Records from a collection
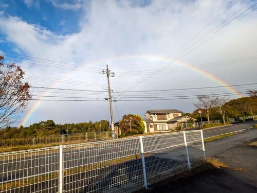 17日(金)、午後4時前、県庁からの帰路、加東市に入ると雨が降っていました。嬉野台地にさしかかると、目の前の西の方は青空が見えていましたが、背後は雨雲がかかっていました。 ふと、右を見ると。大きな虹が架かっているのに気づきました。車を寄せて…
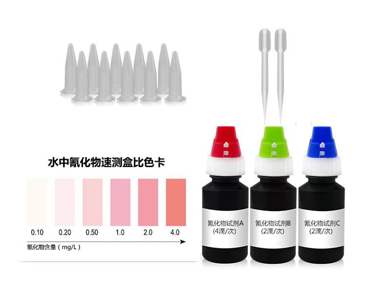 水中氰化物與檢測(cè)試劑反應(yīng)生成紅色化合物,含量越高紅色越深。
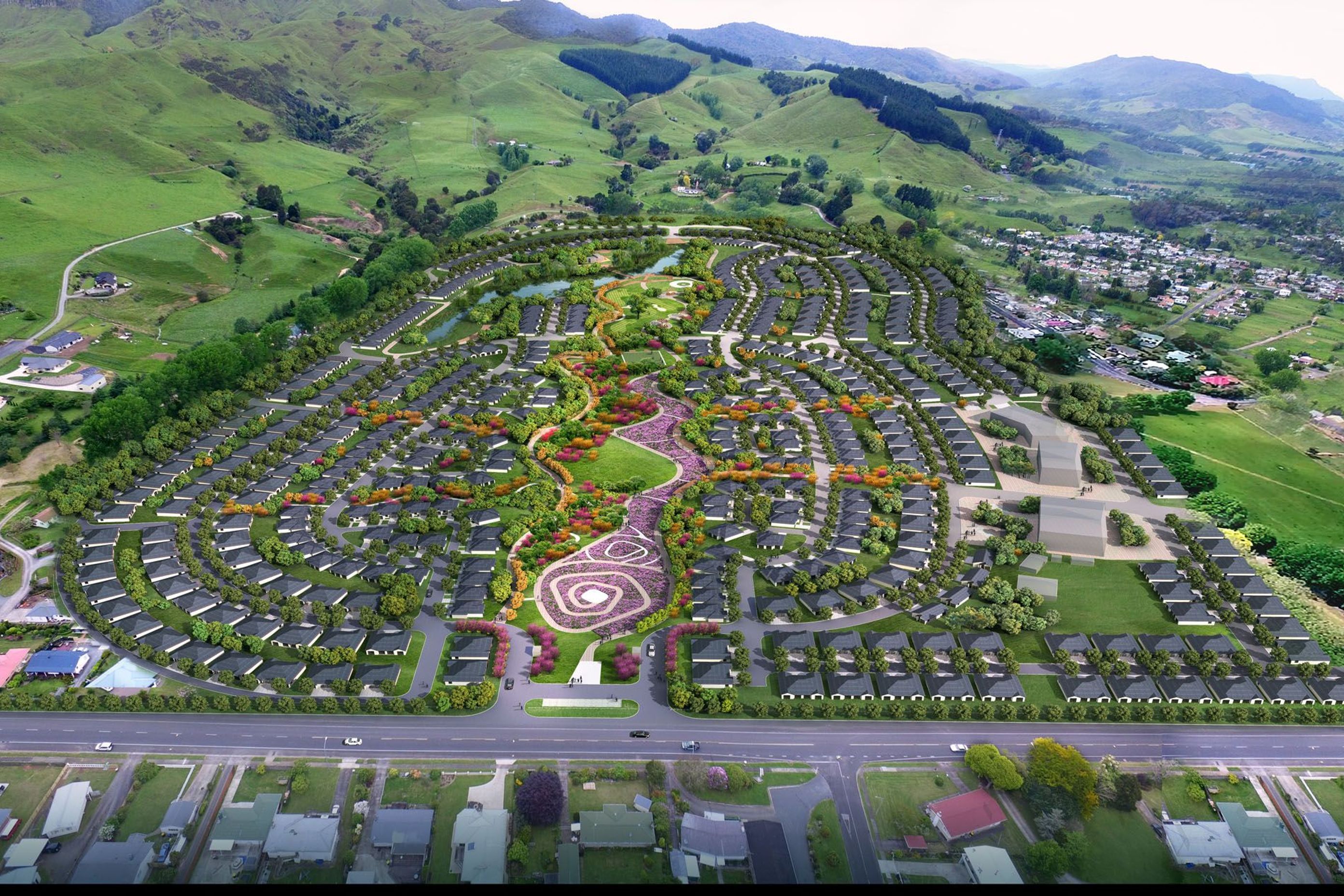 ArchiPro Project Summary - Paeroa Retirement Village featuring 602 units, comprehensive urban and landscape design, and a gross floor area of 64,500 sqm, located on a 332,000 sqm site in Paeroa, New Zealand, currently in the concept design phase.
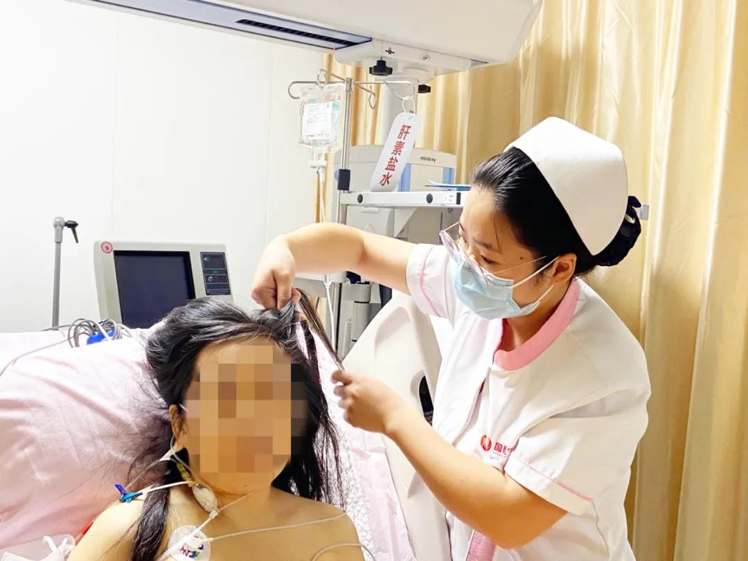 術后第二天患者便拔出了氣管插管,她坐在床上,一位護士小姐姐給她梳著辮子,她娓娓道來,我也走進了她的故事。她是商洛市鎮安縣人,三口之家,和睦幸福,因為自己身體不好,所以一直沒有外出工作,居家照顧孩子和照顧老公成了她的第一要務。一直都知道自己是心臟方面的問題,早都應該去正規大醫院診治,但因為各種原因一拖再拖。老公最近很忙、女兒要參加中考了、等孩子畢業有了工作再說、等家里負擔輕一些再說… …四十多歲的人就是這樣,生活中只有家人,很少顧及自己。說時的哽咽打斷了她話語的連續。
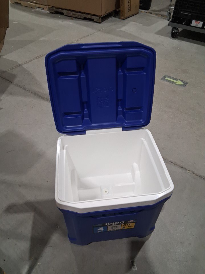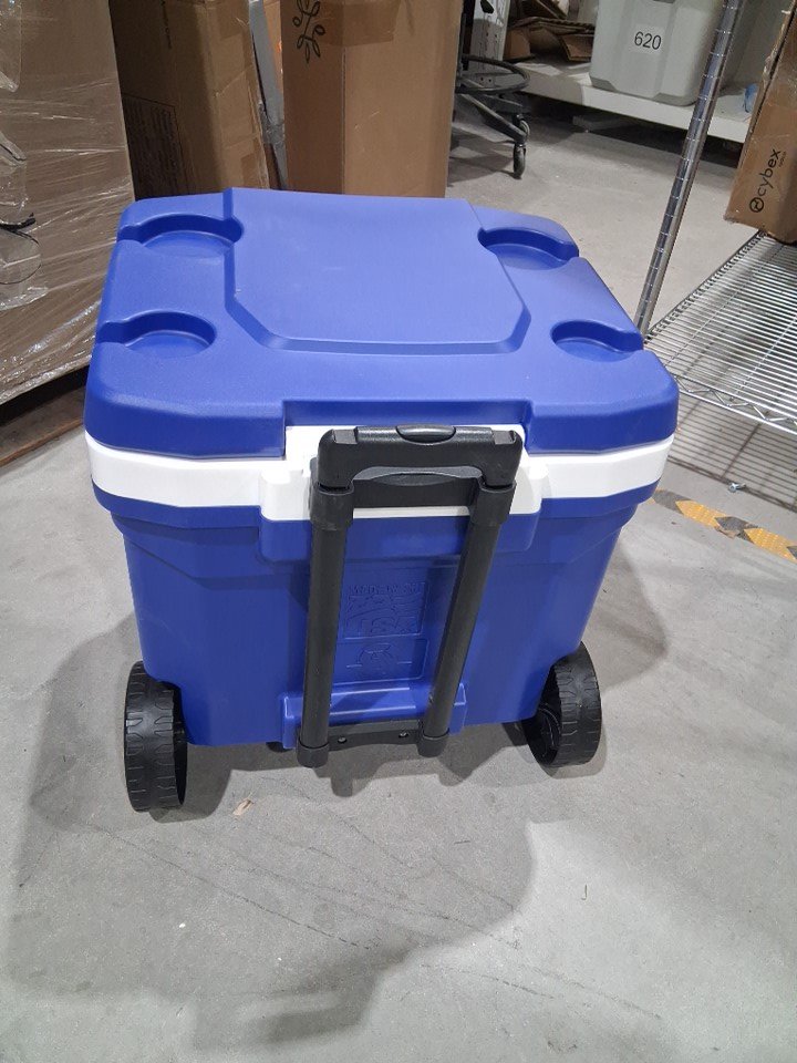 IGLOO 60QT ICE CUBE WHEELED ROLLER COOLER, FIT 90 STANDARD CANS - OCEAN BLUE/WHITE
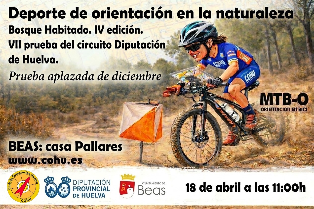 El próximo Sábado 18 de Abril se celebrará la Séptima prueba, aplazada de diciembre, de El Bosque Habitado 2025, el circuito provincial de orientación de Huelva que organiza el club COHU junto a la Diputación de Huelva y la colaboración del Ayuntamiento de la localidad. En esta ocasión viajamos al término municipal onubense de BEAS, dirección Fuente La Corcha en la modalidad de MTBO. ¡¡Os esperamos!!!
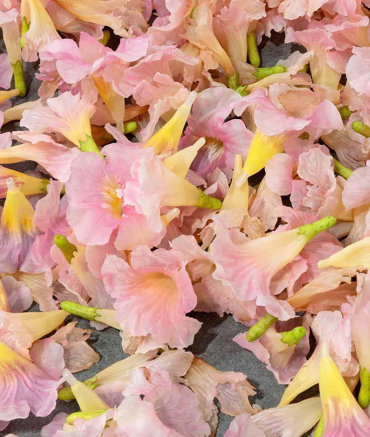 >>> Graft (Tabebuia heterophylla), 2021 Igualmente dispersa por el espacio expositivo se muestra la obra Graft (2021), una instalación en la que miles de flores fundidas en cloruro de polivinilo reciclado reproducen las flores del árbol tabebuia como si un viento extraño las hubiera esparcido por el suelo. Los pétalos pintados a mano de este árbol autóctono del Caribe se presentan en diversos grados de descomposición, desde los recién caídos hasta los marchitos y marrones. Graft alude a los cambios medioambientales que están surgiendo con motivo de los efectos entrelazados de la explotación colonial y el cambio climático. La insólita presencia de flores de árboles tropicales creadas con un material de origen petroquímico representa un potente presagio de las inconmensurables pérdidas que avanzan sin cesar tras siglos de saqueo colonial.
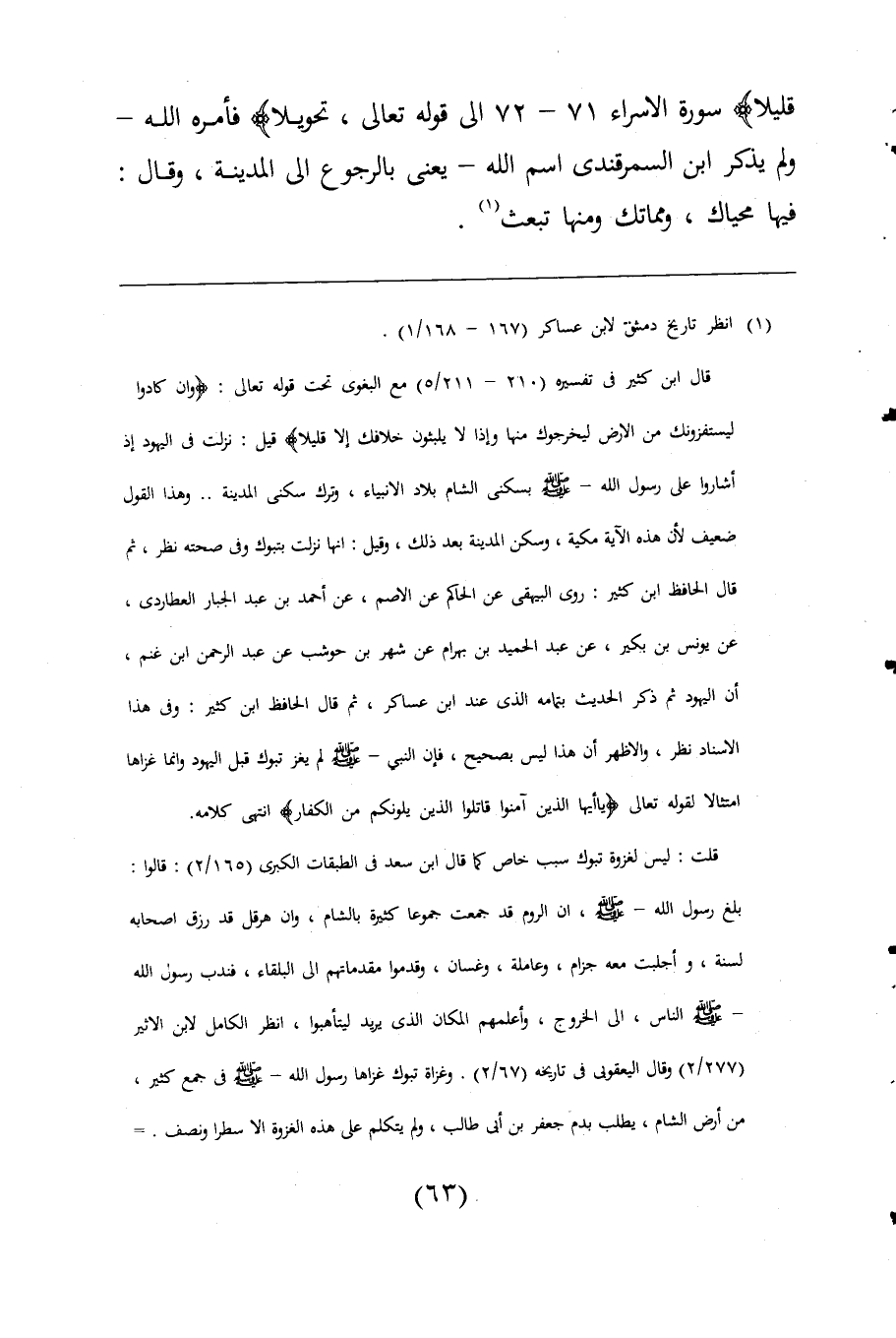 قال ابن كثير فى تفسيره (210 - 211/ 5) مع البغوى تحت قوله تعالى: {وَإِنْ كَادُوا لَيَسْتَفِزُّونَكَ مِنَ الْأَرْضِ لِيُخْرِجُوكَ مِنْهَا وَإِذًا لَا يَلْبَثُونَ خِلَافَكَ إِلَّا قَلِيلًا} قيل: نزلت فى اليهود إذ أشاروا على رسول اللَّه -صلى اللَّه عليه وسلم- بسكنى الشام بلاد الانبياء، وترك سكنى المدينة. . وهذا القول ضعيف لأن هذه الآية مكية، وسكن المدينة بعد ذلك، وقيل: أنها نزلت بتبوك وفى صحته نظر، ثم قال الحافظ ابن كثير: روى البيهقى عن الحاكم عن الاصم، عن أحمد بن عبد الجبار العطاردى، عن يونس بن بكير، عن عبد الحميد بن بهرام عن شهر بن حوشب عن عبد الرحمن ابن غنم، أن اليهود ثم ذكر الحديث بتمامه الذى عند ابن عساكر، ثم قال الحافظ ابن كثير: وفى هذا الإسناد نظر، والاظهر أن هذا ليس بصحيح، فإن النبي -صلى اللَّه عليه وسلم- لم يغز تبوك قبل اليهود وانما غزاها امتثالا لقوله تعالى {يَاأَيُّهَا الَّذِينَ آمَنُوا قَاتِلُوا الَّذِينَ يَلُونَكُمْ مِنَ الْكُفَّارِ} انتهى كلامه.

» **Task instructions**
Please print the lines above word for word, starting at the one with "水中氰化物與檢測(cè)試劑反應(yīng)生成紅色化合物,含量越高紅色越深。" and ending at the one with "El próximo Sábado", both included, and without any picture.

» **Expected output**
 水中氰化物與檢測(cè)試劑反應(yīng)生成紅色化合物,含量越高紅色越深。
 ArchiPro Project Summary - Paeroa Retirement Village featuring 602 units, comprehensive urban and landscape design, and a gross floor area of 64,500 sqm, located on a 332,000 sqm site in Paeroa, New Zealand, currently in the concept design phase.
 術后第二天患者便拔出了氣管插管,她坐在床上,一位護士小姐姐給她梳著辮子,她娓娓道來,我也走進了她的故事。她是商洛市鎮安縣人,三口之家,和睦幸福,因為自己身體不好,所以一直沒有外出工作,居家照顧孩子和照顧老公成了她的第一要務。一直都知道自己是心臟方面的問題,早都應該去正規大醫院診治,但因為各種原因一拖再拖。老公最近很忙、女兒要參加中考了、等孩子畢業有了工作再說、等家里負擔輕一些再說… …四十多歲的人就是這樣,生活中只有家人,很少顧及自己。說時的哽咽打斷了她話語的連續。
 IGLOO 60QT ICE CUBE WHEELED ROLLER COOLER, FIT 90 STANDARD CANS - OCEAN BLUE/WHITE
 El próximo Sábado 18 de Abril se celebrará la Séptima prueba, aplazada de diciembre, de El Bosque Habitado 2025, el circuito provincial de orientación de Huelva que organiza el club COHU junto a la Diputación de Huelva y la colaboración del Ayuntamiento de la localidad. En esta ocasión viajamos al término municipal onubense de BEAS, dirección Fuente La Corcha en la modalidad de MTBO. ¡¡Os esperamos!!!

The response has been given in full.